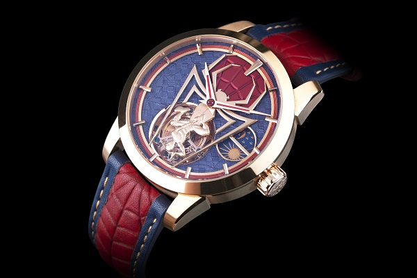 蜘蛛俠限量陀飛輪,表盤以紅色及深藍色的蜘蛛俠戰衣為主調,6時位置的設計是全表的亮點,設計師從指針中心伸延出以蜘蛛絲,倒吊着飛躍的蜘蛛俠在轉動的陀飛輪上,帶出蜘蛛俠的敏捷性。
* * *
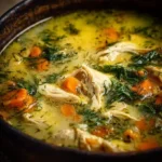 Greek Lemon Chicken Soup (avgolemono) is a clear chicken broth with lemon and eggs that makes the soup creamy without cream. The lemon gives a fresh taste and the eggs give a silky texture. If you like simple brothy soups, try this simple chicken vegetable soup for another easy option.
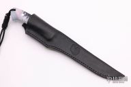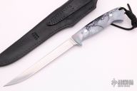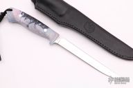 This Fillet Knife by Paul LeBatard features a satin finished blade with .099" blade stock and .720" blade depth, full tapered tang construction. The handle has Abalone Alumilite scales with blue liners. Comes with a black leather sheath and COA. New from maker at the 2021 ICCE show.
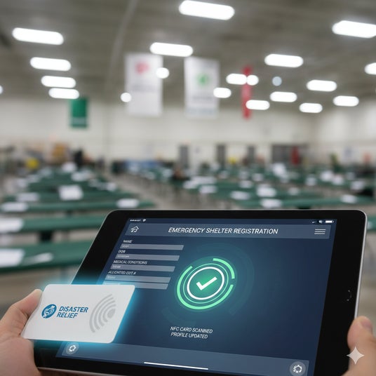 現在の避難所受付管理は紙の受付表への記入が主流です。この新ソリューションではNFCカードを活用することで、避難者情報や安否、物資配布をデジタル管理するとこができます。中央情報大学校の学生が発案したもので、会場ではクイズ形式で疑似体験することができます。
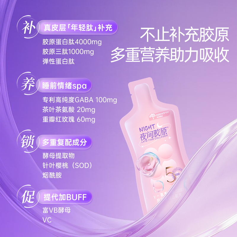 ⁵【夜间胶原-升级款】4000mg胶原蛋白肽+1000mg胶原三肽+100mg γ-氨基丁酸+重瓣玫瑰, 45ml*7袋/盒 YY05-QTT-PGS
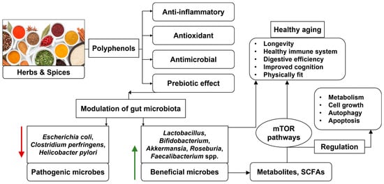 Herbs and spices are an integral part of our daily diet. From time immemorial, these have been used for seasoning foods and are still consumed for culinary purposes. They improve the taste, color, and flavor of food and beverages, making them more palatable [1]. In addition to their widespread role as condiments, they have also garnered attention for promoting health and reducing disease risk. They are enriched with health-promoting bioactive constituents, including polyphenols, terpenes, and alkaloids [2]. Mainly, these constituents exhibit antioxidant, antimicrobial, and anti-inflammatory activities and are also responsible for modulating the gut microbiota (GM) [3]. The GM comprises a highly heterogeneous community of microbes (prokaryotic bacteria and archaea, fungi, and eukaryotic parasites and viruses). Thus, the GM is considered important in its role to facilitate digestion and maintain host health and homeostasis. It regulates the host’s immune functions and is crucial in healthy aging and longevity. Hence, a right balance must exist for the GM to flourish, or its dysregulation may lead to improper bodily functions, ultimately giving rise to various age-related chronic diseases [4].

PROBLEM TO SOLVE: In the entries above, find the line with "現在の避難所受付管理は紙の受" and the line with "⁵【夜间胶原-升级款】4000mg胶原蛋白肽+1000mg胶原三肽+100mg γ-氨基丁酸+重瓣玫瑰, 45ml*7袋/盒". Return exactly those lines and all the ones between them, pictures excluded.

RESULT OF THE TASK:
 現在の避難所受付管理は紙の受付表への記入が主流です。この新ソリューションではNFCカードを活用することで、避難者情報や安否、物資配布をデジタル管理するとこができます。中央情報大学校の学生が発案したもので、会場ではクイズ形式で疑似体験することができます。
 ⁵【夜间胶原-升级款】4000mg胶原蛋白肽+1000mg胶原三肽+100mg γ-氨基丁酸+重瓣玫瑰, 45ml*7袋/盒 YY05-QTT-PGS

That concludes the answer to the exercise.